Work request –
Set down a true copy of the data, with all pictures left out.

■ ■ ■ ■ ■

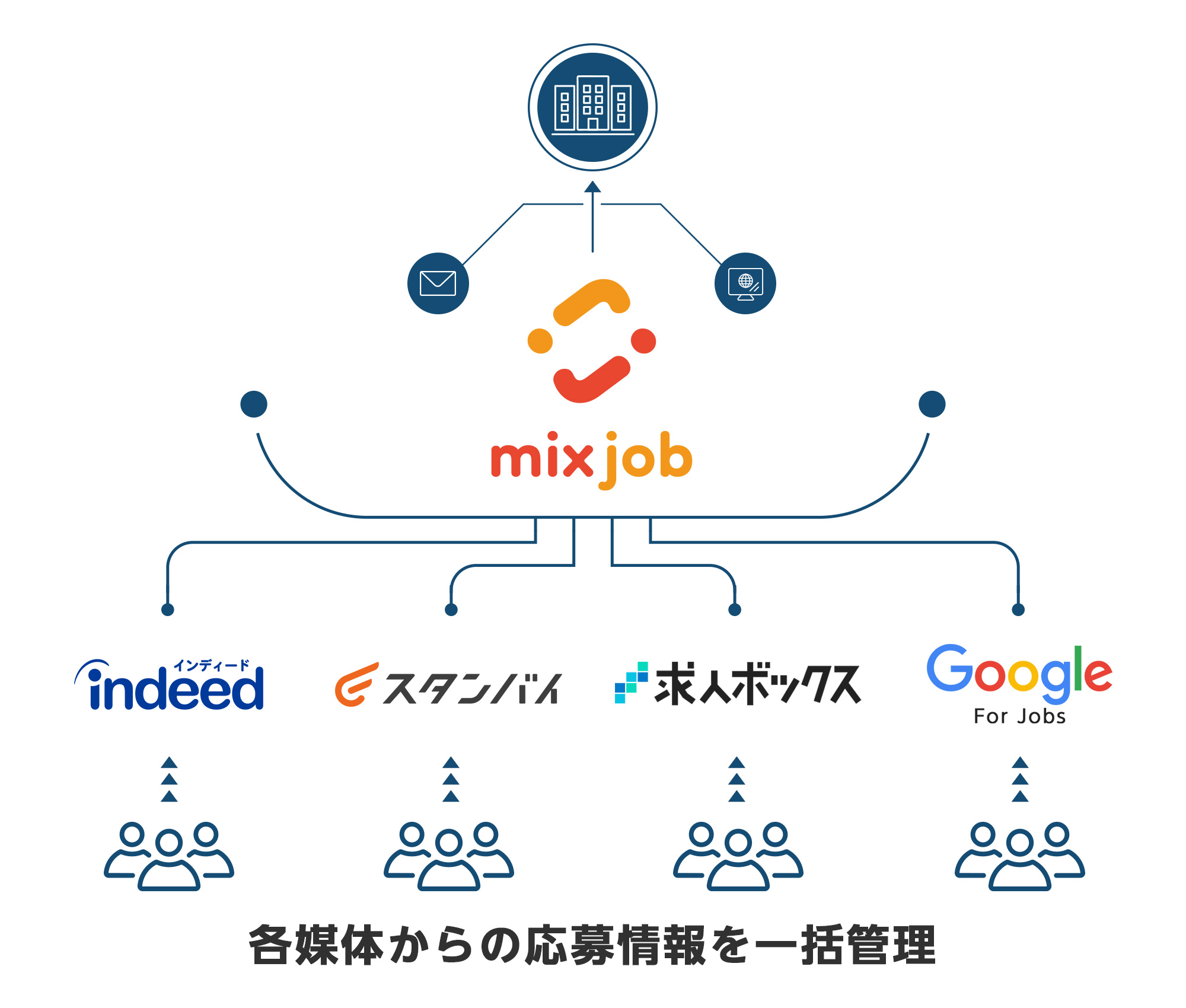 企業様の代わりに、複数の求人メディアに情報を配信し、応募者データを一元的に管理します。
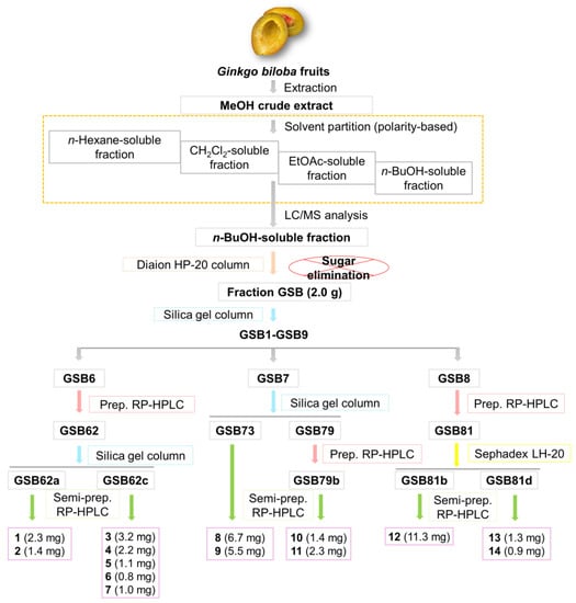 Fresh G. biloba fruits (4 kg) were crushed and then extracted twice using 100% MeOH (8.0 L) for 5 days at room temperature, and then the filtrate was concentrated under reduced pressure using a rotary evaporator to obtain the MeOH extract (425.2 g). The MeOH crude extract was suspended in distilled water (700 mL) then partitioned with hexane, dichloromethane (CH2Cl2), ethyl acetate (EtOAc), and n-BuOH three times (700 mL each). The organic phases were evaporated in a vacuum at up to 40 °C to yield the following four soluble fractions: hexane (8.2 g), CH2Cl2 (1.9 g), EtOAc (4.0 g), n-BuOH (28.8 g). With reference to a house-built UV library, the n-BuOH-soluble fraction presented the majority of phenolic compounds based on LC/MS analysis of the four fractions. One part of the n-BuOH-soluble fraction (GSB, 2.0 g), the portion without sugar, obtained by Diaion HP-20 column, was chromatographed on a silica gel column eluting with CH2Cl2/MeOH step gradients to yield nine fractions (GSB1–GSB9) obtained by combining the eluates based on TLC analysis. Fraction GSB6 (366.4 mg) was subjected by preparative reversed phase HPLC (prep. RP-HPLC) and eluted with a gradient solvent system of MeOH/H2O (40–100% MeOH) at a flow rate of 5 mL/min to afford three fractions (GSB61–GSB63). Fraction GSB62 (189.1 mg) was then subjected to column chromatography on silica gel eluted with CH2Cl2/MeOH step gradients to give six subfractions (GSB62a–GSB62f). GSB62a (88.3 mg) was further purified using semi-preparative reversed phase HPLC (semi-prep. RP-HPLC) with an isocratic solvent system of 27% MeOH/H2O at a flow rate of 2 mL/min to obtain compounds 1 (2.3 mg, purity = 91%) and 2 (1.4 mg, purity = 87%). Similarly, GSB62c (46.0 mg) was isolated using semi-prep. RP-HPLC with 30% MeOH/H2O to yield compounds 3 (3.2 mg, purity = 95%), 4 (2.2 mg, purity = 94%), 5 (1.1 mg, purity = 86%), 6 (0.8 mg, purity = 90%) and 7 (1.0 mg, purity = 92%). Fraction GSB7 (257.0 mg) was subjected to column chromatography on silica gel eluted with CH2Cl2/MeOH step gradients to obtain ten subfractions (GSB71–GSB79). Compounds 8 (6.7 mg, purity = 91%) and 9 (5.5 mg, purity = 92%) were separated from GSB73 (58.9 mg) using semi-prep. RP-HPLC with an isocratic solvent system of 15% MeOH/H2O at a flow rate of 2 mL/min. GSB79 (99.7 mg) was further fractionated by prep. RP-HPLC using a gradient solvent system of MeOH/H2O (30–80% MeOH, flow rate of 5 mL/min) to obtain four subfractions (GSB79a–GSB79d). Successfully, compounds 10 (1.4 mg, purity = 88%) and 11 (2.3 mg, purity = 91%) were yielded from GSB79b using the same semi-prep. RP-HPLC system with 18% MeOH/H2O. Fraction GSB8 (258.7 mg) was performed to prep. RP-HPLC and eluted with a gradient solvent system of MeOH/H2O (30–80% MeOH) at a flow rate of 5 mL/min to afford four fractions (GSB81–GSB84). Of these, GSB81 was further submitted to Sephadex LH-20 column chromatography and obtained four subfractions (GSB81a–GSB81d). GSB81b (67.1 mg) was further purified by semi-prep. RP-HPLC with 35% MeOH/H2O to afford compound 12 (11.3 mg, purity = 90%). Lastly, compounds 13 (1.3 mg, purity = 88%) and 14 (0.9 mg, purity = 90%) were isolated from GSB81d (43.6 mg) using semi-prep. RP-HPLC with 35% MeOH/H2O.
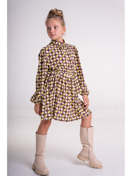 Παιδικό φόρεμα Ge.ni.us . Από μοντέρνο τυπωμένο ύφασμα με λάστιχο και ζώνη στην μέση . Σούρα στο μανίκι και άνοιγμα στο πίσω μέρος του λαιμού . Ιδανικό για ιδιαίτερες και ξεχωριστές εμφανίσεις .
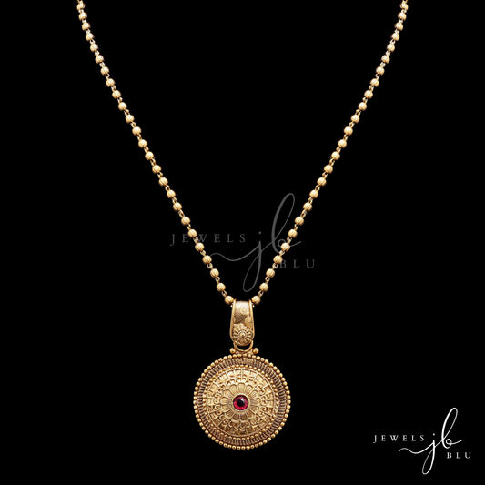 Festive Exclusive Gold Finish Classic Round Necklace Set with Ruby Detailing Includes Earrings
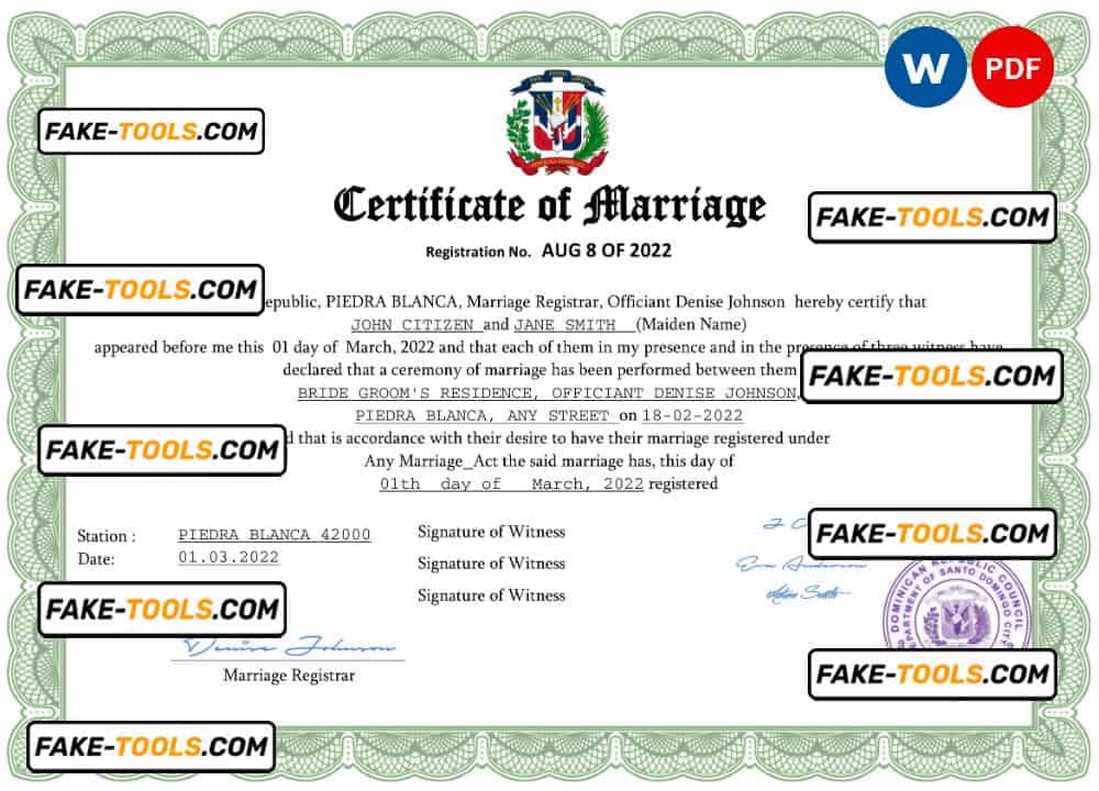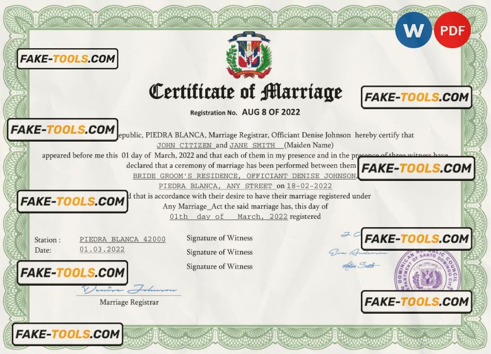 Dominican Republic marriage certificate Word and PDF template, fully editable
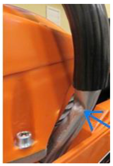 This component should be positioned as far from the face of the chainsaw body as possible and should protrude from the body wall so that its face is at least 5 mm from the plane of symmetry of the guide bar. CIOP-PIB tests showed that not all chain catchers meet the requirements of the standards. Negative results for this test were obtained when these components were made of plastic and, in accordance with the standards, the impact tests were carried out at a reduced temperature of 25 °C. Improper mounting of these components to the chainsaw body, as well as poor quality material, caused the chain catchers to break off during this test (Figure 16).
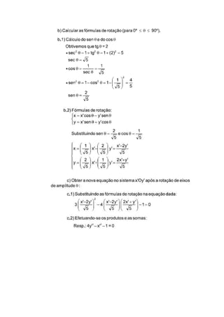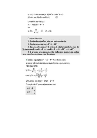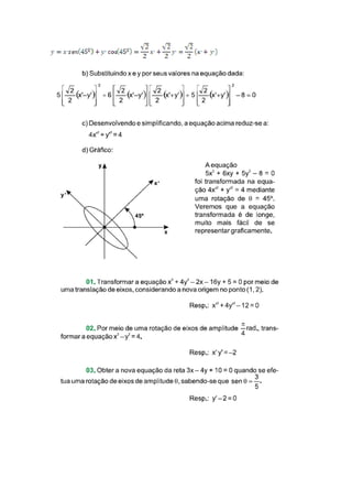 O documento discute estratégias matemáticas como translação e rotação de eixos para estudar cônicas em geometria analítica. Ele explica como usar essas técnicas para transformar equações de cônicas em sua forma padrão e esboçar seus gráficos, começando com uma rotação para eliminar termos de primeiro grau e depois uma translação para centralizar a cônica.

■ ■ ■ ■ ■

Problem solution –
 企業様の代わりに、複数の求人メディアに情報を配信し、応募者データを一元的に管理します。
 Fresh G. biloba fruits (4 kg) were crushed and then extracted twice using 100% MeOH (8.0 L) for 5 days at room temperature, and then the filtrate was concentrated under reduced pressure using a rotary evaporator to obtain the MeOH extract (425.2 g). The MeOH crude extract was suspended in distilled water (700 mL) then partitioned with hexane, dichloromethane (CH2Cl2), ethyl acetate (EtOAc), and n-BuOH three times (700 mL each). The organic phases were evaporated in a vacuum at up to 40 °C to yield the following four soluble fractions: hexane (8.2 g), CH2Cl2 (1.9 g), EtOAc (4.0 g), n-BuOH (28.8 g). With reference to a house-built UV library, the n-BuOH-soluble fraction presented the majority of phenolic compounds based on LC/MS analysis of the four fractions. One part of the n-BuOH-soluble fraction (GSB, 2.0 g), the portion without sugar, obtained by Diaion HP-20 column, was chromatographed on a silica gel column eluting with CH2Cl2/MeOH step gradients to yield nine fractions (GSB1–GSB9) obtained by combining the eluates based on TLC analysis. Fraction GSB6 (366.4 mg) was subjected by preparative reversed phase HPLC (prep. RP-HPLC) and eluted with a gradient solvent system of MeOH/H2O (40–100% MeOH) at a flow rate of 5 mL/min to afford three fractions (GSB61–GSB63). Fraction GSB62 (189.1 mg) was then subjected to column chromatography on silica gel eluted with CH2Cl2/MeOH step gradients to give six subfractions (GSB62a–GSB62f). GSB62a (88.3 mg) was further purified using semi-preparative reversed phase HPLC (semi-prep. RP-HPLC) with an isocratic solvent system of 27% MeOH/H2O at a flow rate of 2 mL/min to obtain compounds 1 (2.3 mg, purity = 91%) and 2 (1.4 mg, purity = 87%). Similarly, GSB62c (46.0 mg) was isolated using semi-prep. RP-HPLC with 30% MeOH/H2O to yield compounds 3 (3.2 mg, purity = 95%), 4 (2.2 mg, purity = 94%), 5 (1.1 mg, purity = 86%), 6 (0.8 mg, purity = 90%) and 7 (1.0 mg, purity = 92%). Fraction GSB7 (257.0 mg) was subjected to column chromatography on silica gel eluted with CH2Cl2/MeOH step gradients to obtain ten subfractions (GSB71–GSB79). Compounds 8 (6.7 mg, purity = 91%) and 9 (5.5 mg, purity = 92%) were separated from GSB73 (58.9 mg) using semi-prep. RP-HPLC with an isocratic solvent system of 15% MeOH/H2O at a flow rate of 2 mL/min. GSB79 (99.7 mg) was further fractionated by prep. RP-HPLC using a gradient solvent system of MeOH/H2O (30–80% MeOH, flow rate of 5 mL/min) to obtain four subfractions (GSB79a–GSB79d). Successfully, compounds 10 (1.4 mg, purity = 88%) and 11 (2.3 mg, purity = 91%) were yielded from GSB79b using the same semi-prep. RP-HPLC system with 18% MeOH/H2O. Fraction GSB8 (258.7 mg) was performed to prep. RP-HPLC and eluted with a gradient solvent system of MeOH/H2O (30–80% MeOH) at a flow rate of 5 mL/min to afford four fractions (GSB81–GSB84). Of these, GSB81 was further submitted to Sephadex LH-20 column chromatography and obtained four subfractions (GSB81a–GSB81d). GSB81b (67.1 mg) was further purified by semi-prep. RP-HPLC with 35% MeOH/H2O to afford compound 12 (11.3 mg, purity = 90%). Lastly, compounds 13 (1.3 mg, purity = 88%) and 14 (0.9 mg, purity = 90%) were isolated from GSB81d (43.6 mg) using semi-prep. RP-HPLC with 35% MeOH/H2O.
 Παιδικό φόρεμα Ge.ni.us . Από μοντέρνο τυπωμένο ύφασμα με λάστιχο και ζώνη στην μέση . Σούρα στο μανίκι και άνοιγμα στο πίσω μέρος του λαιμού . Ιδανικό για ιδιαίτερες και ξεχωριστές εμφανίσεις .
 Festive Exclusive Gold Finish Classic Round Necklace Set with Ruby Detailing Includes Earrings
 Dominican Republic marriage certificate Word and PDF template, fully editable
 This component should be positioned as far from the face of the chainsaw body as possible and should protrude from the body wall so that its face is at least 5 mm from the plane of symmetry of the guide bar. CIOP-PIB tests showed that not all chain catchers meet the requirements of the standards. Negative results for this test were obtained when these components were made of plastic and, in accordance with the standards, the impact tests were carried out at a reduced temperature of 25 °C. Improper mounting of these components to the chainsaw body, as well as poor quality material, caused the chain catchers to break off during this test (Figure 16).
 O documento discute estratégias matemáticas como translação e rotação de eixos para estudar cônicas em geometria analítica. Ele explica como usar essas técnicas para transformar equações de cônicas em sua forma padrão e esboçar seus gráficos, começando com uma rotação para eliminar termos de primeiro grau e depois uma translação para centralizar a cônica.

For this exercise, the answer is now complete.